Since the size of training dataset become large and the model is getting deeper to achieve high accuracy in deep learning, the deep neural network training requires a lot of computation and it takes too much time with a single node. Therefore, distributed deep learning is proposed to reduce the training time by distributing computation across multiple nodes. In this study, we propose hybrid allreduce strategy that considers the characteristics of each layer and communication and computational overlapping technique for synchronization of distributed deep learning. Since the convolution layer has fewer parameters than the fully-connected layer as well as it is located at the upper, only short overlapping time is allowed. Thus, butterfly allreduce is used to synchronize the convolution layer. On the other hand, fully-connecter layer is synchronized using ring all-reduce. The empirical experiment results on PyTorch with our proposed scheme shows that the proposed method reduced the training time by up to 33% compared to the baseline PyTorch.

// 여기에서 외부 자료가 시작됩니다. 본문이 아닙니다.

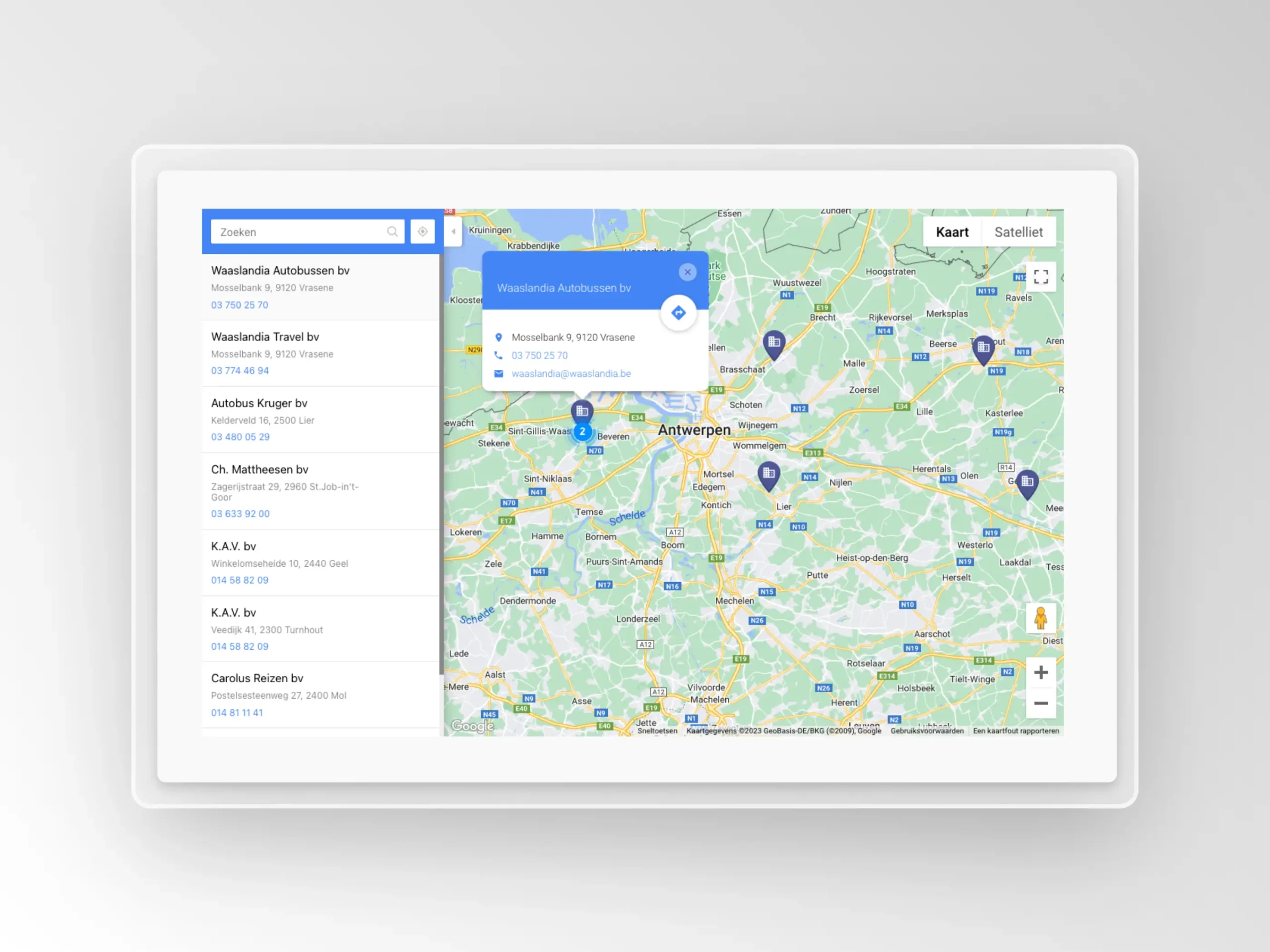 De website van Waaslandia bevat een interactieve kaart waarop hun verschillende vestigingen zichtbaar zijn. Bezoekers kunnen de specifieke locaties bekijken en de bijbehorende contactinformatie raadplegen.

분산 딥러닝은 각 노드에서 지역적으로 업데이트한 지역 파라미터를 동기화는 과정이 요구된다. 본 연구에서는 분산 딥러닝의 효과적인 파라미터 동기화 과정을 위해, 레이어 별 특성을 고려한 allreduce 통신과 연산 오버래핑(overlapping) 기법을 제안한다. 상위 레이어의 파라미터 동기화는 하위 레이어의 다음 전파과정 이전까지 통신/계산(학습) 시간을 오버랩하여 진행할 수 있다. 또한 이미지 분류를 위한 일반적인 딥러닝 모델의 상위 레이어는 convolution 레이어, 하위 레이어는 fully-connected 레이어로 구성되어 있다. Convolution 레이어는 fully-connected 레이어 대비적은 수의 파라미터를 가지고 있고 상위에 레이어가 위치하므로 네트워크 오버랩 허용시간이 짧고, 이를 고려하여 네트워크 지연시간을 단축할 수 있는 butterfly all-reduce를 사용하는 것이 효과적이다. 반면 오버랩 허용시간이 보다 긴 경우, 네트워크 대역폭을 고려한 ring all-reduce를 사용한다. 본 논문의 제안 방법의 효과를 검증하기 위해 제안 방법을 PyTorch 플랫폼에 적용하여 이를 기반으로 실험 환경을 구성하여 배치크기에 대한 성능 평가를 진행하였다. 실험을 통해 제안 기법의 학습시간은 기존 PyTorch 방식 대비 최고 33% 단축된 모습을 확인하였다.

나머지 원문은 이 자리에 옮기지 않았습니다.